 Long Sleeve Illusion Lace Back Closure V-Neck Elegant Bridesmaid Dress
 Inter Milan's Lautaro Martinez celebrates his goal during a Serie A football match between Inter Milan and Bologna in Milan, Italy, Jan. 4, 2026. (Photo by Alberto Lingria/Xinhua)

===============

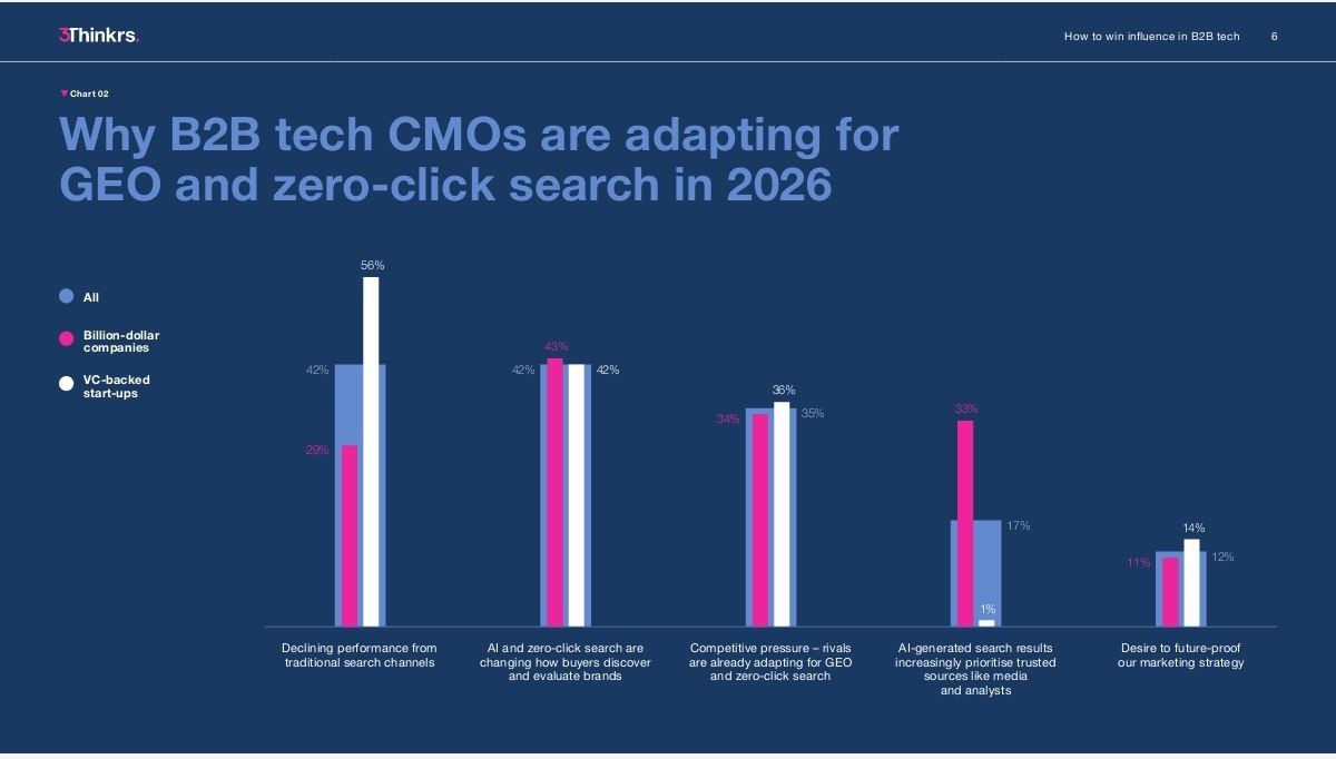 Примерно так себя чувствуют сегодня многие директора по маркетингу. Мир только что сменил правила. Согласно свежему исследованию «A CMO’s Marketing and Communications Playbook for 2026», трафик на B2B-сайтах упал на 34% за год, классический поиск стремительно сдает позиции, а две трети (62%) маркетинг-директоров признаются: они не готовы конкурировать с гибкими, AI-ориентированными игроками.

===============

What you have to do: Scan the records above for the lines holding "Long Sleeve Illusion" and "Inter Milan's Lautaro". Transcribe those two and every line between them word for word, and no others.

Response below:
 Long Sleeve Illusion Lace Back Closure V-Neck Elegant Bridesmaid Dress
 Inter Milan's Lautaro Martinez celebrates his goal during a Serie A football match between Inter Milan and Bologna in Milan, Italy, Jan. 4, 2026. (Photo by Alberto Lingria/Xinhua)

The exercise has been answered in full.